Kamala Harris is back in the spotlight with “107 Days,” a memoir chronicling her historically brief 2024 presidential campaign. Released Tuesday, the book offers a day-by-day account of the weeks between Joe Biden’s abrupt withdrawal and Donald Trump’s victory on November 5 — a night Harris says was so devastating she and her husband, Douglas Emhoff, never discussed it until she began writing.
The former vice president worked with Pulitzer Prize–winning author Geraldine Brooks to shape the memoir, which Simon & Schuster CEO Jonathan Karp said reads “like a suspense novel.” Early reviews suggest an uneven result: some critics call it “very readable,” while others dismiss it as “a frustrating slog” that leaves both supporters and critics wanting more.
A central thread of the memoir is Harris’ fraught relationship with Biden. She describes her feelings as grounded in “warmth and loyalty,” complicated by “hurt and disappointment,” and recounts how she was sidelined with what Emhoff called “impossible, sh*t jobs.” She labels Biden’s decision to seek re-election “recklessness” and says his staff operated with a “zero-sum mentality” that undercut her campaign.

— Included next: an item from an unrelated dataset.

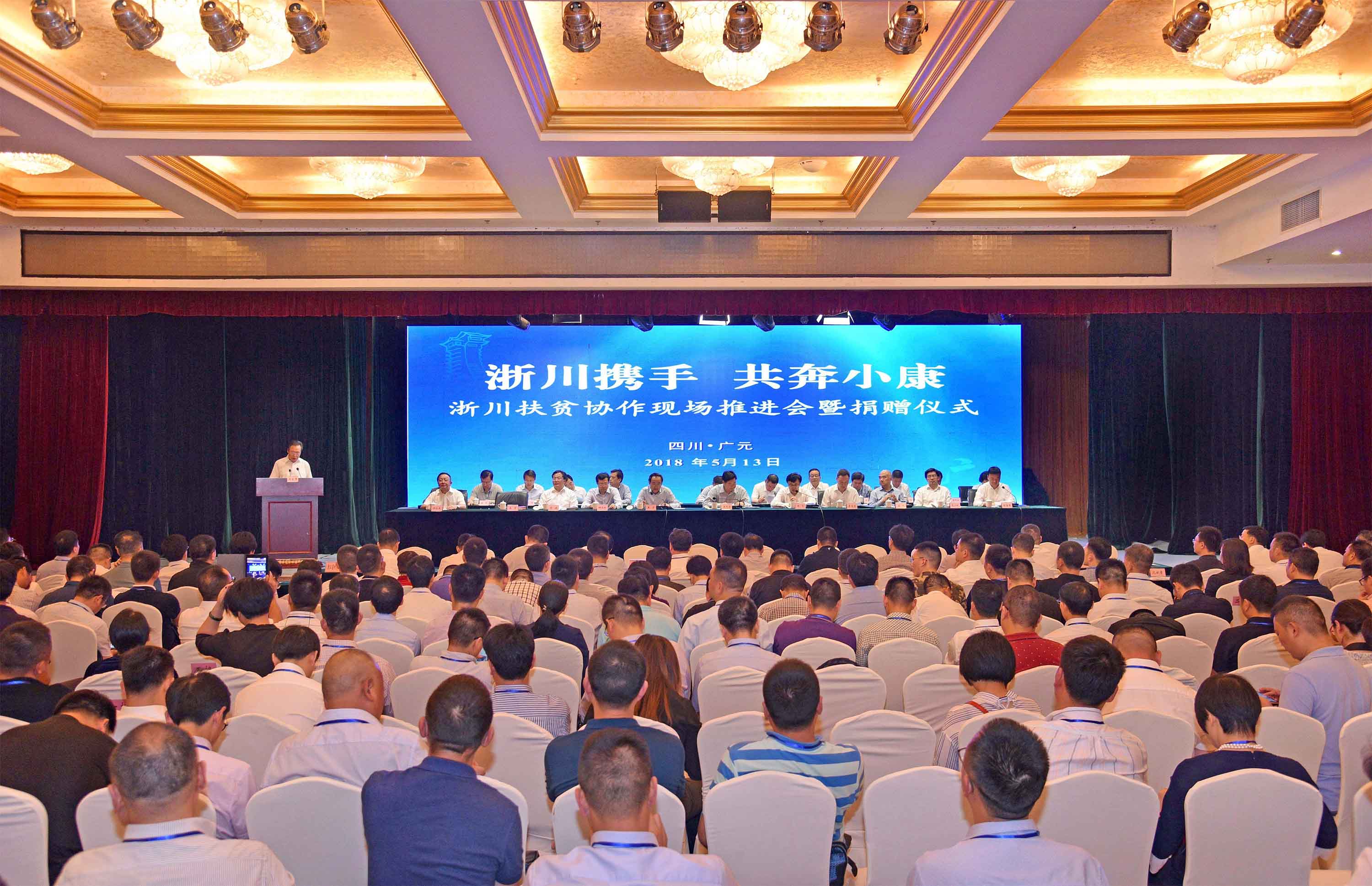 2018年5月13日,浙江省工商联组织100多家民营企业在国务院扶贫办领导和浙江、四川两省领导的共同见证下参加“浙川携手共奔小康”现场推进会暨捐赠仪式。国务院扶贫办副主任洪天云,四川省委常委、常务副省长王宁,浙江省委常委、常务副省长冯飞等领导出席。浙江省四川商会执行会长、朗佑控股董事长何勇先生受邀参加此次会议。

Revisiting key campaign moments and missteps, Harris concedes that her infamous “there is not a thing that comes to mind” remark on “The View” became a “hand grenade” for Trump’s team. She reveals that Transportation Secretary Pete Buttigieg was her first choice for running mate (“an ideal partner — if I were a straight white man”) before advisers deemed the ticket too risky, a decision she says Buttigieg understood with “mutual sadness.” And when she sought a campaign endorsement from California Gov. Gavin Newsom, his response, per her notes, was, “Hiking. Will call back.” She adds, “He never did.”
Harris — who earned an estimated 86% of the LGBTQ+ vote according to exit polls — also writes that she shares “concerns” about trans-inclusive sports policies. Though she emphasizes her “deep connection” with the trans community, some passages echo conservative framings of youth sports and gender-affirming care. “I agree with the concerns expressed by parents and players that we have to take into account biological factors such as muscle mass and unfair student athletic advantage when we determine who plays on which teams, especially in contact sports,” she writes. “With goodwill and common sense, I believe we can come up with ways to do this, without vilifying and demonizing children.”

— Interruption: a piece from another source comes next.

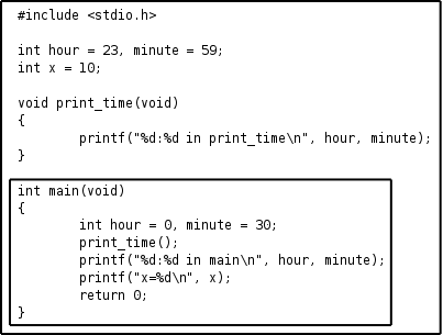 printf("%d:%d in main\n", hour, minute);
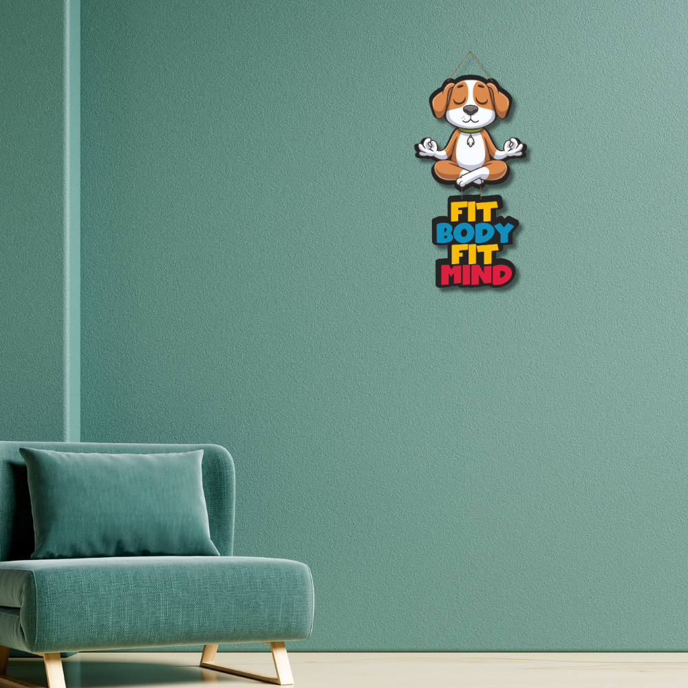A playful yet mindful vibe to your space with this adorable yoga-inspired dog wall hanging. With the mantra Fit Body, Fit Mind, it encourages balance, health, and positivity in daily life. Perfect for fitness lovers, pet parents, or anyone seeking cheerful motivation in their home or office.

Several sports organizations already had policies in place to address these factors — often requiring trans athletes to complete years of hormone therapy — but many have since been rolled back or replaced with strict binary classifications based on “biological sex,” amid the broader conservative backlash.
Harris declined to run for California governor next year, leaving open the possibility for a 2028 presidential bid. But when asked about her political future, she said, ‘That’s not my focus right now. It’s not my focus at all. I know — it really isn’t.”